Source data:
/---

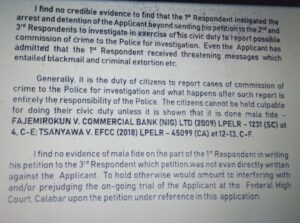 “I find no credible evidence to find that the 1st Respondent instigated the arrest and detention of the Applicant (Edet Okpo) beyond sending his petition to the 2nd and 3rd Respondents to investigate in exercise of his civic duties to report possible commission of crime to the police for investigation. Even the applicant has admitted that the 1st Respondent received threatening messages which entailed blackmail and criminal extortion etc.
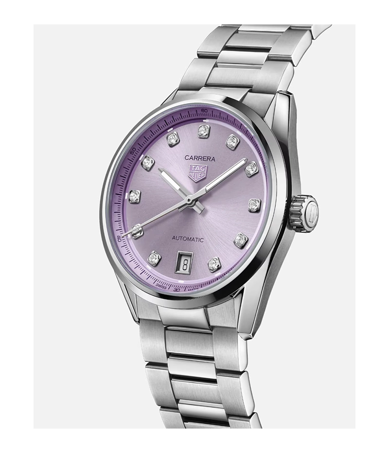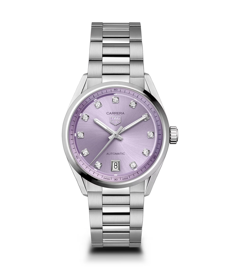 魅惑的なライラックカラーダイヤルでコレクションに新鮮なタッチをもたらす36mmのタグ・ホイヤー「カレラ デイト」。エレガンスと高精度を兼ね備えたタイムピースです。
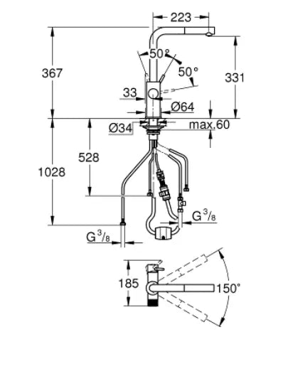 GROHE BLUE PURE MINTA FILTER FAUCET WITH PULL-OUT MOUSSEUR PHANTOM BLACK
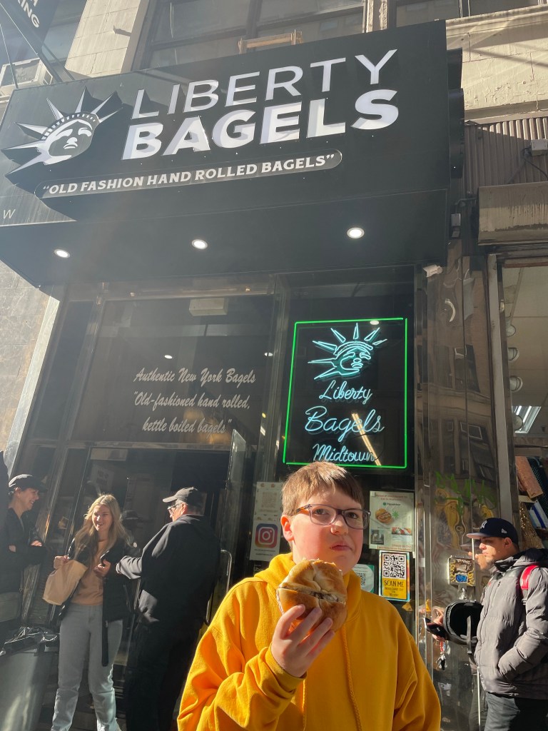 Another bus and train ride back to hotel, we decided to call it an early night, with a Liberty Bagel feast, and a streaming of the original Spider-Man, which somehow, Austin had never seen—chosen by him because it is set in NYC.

\---

Exercise goal:
Once the line with "魅惑的なライラックカラーダイ" has been found above, output that line and every later line exactly, stopping after the line with "GROHE BLUE PURE", and omit the pictures.

Answer space:
 魅惑的なライラックカラーダイヤルでコレクションに新鮮なタッチをもたらす36mmのタグ・ホイヤー「カレラ デイト」。エレガンスと高精度を兼ね備えたタイムピースです。
 GROHE BLUE PURE MINTA FILTER FAUCET WITH PULL-OUT MOUSSEUR PHANTOM BLACK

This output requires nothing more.